I don't think that describes any of the first psychic researchers, like Myers, Sidgwick, Gurney - however dedicated and effective they undoubtedly were. It might apply to Joseph Rhine. In the modern day, scientists like Dean Radin and Rupert Sheldrake are certainly persistent, and face down their critics robustly, but I don't see them engaging in skullduggery to advance their agendas (of course they would say they don't have to). Some psi-researchers, in the process of trying to win mainstream acceptance, seem almost self-effacing, bending backwards to be conciliatory to their critics. (I'm thinking for instance of the late Bob Morris and John Beloff at Edinburgh's Koestler Parapsychology Unit.)
Charles Honorton perhaps comes close, in terms of force of personality. He put the ganzfeld procedure on the map.
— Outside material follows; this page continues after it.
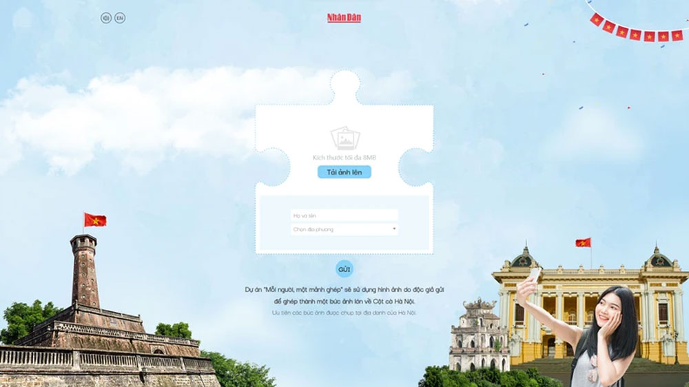 Nhân dịp kỷ niệm 70 năm Ngày Giải phóng Thủ đô, Báo Nhân Dân ra mắt dự án “Mỗi người, một mảnh ghép”. Dự án sẽ sử dụng hình ảnh do độc giả gửi để ghép thành một bức ảnh lớn về Cột cờ Hà Nội.

But the only person I can think of who really matches the profile is Harry Price, the wealthy British businessman-turned- researcher of the inter-war period. Price was hugely ambitious and egotistical, desperate for big cases that would bring him public glory and willing to indulge in skullduggery to advance his career. These days he's viewed in parapsychological circles as a slightly risible figure, but perhaps a nascent discipline struggling to win acceptance needs peoople with his sort of ambition and chutzpah.
The professional sceptics, now - another matter altogether. Plenty of skullduggery there.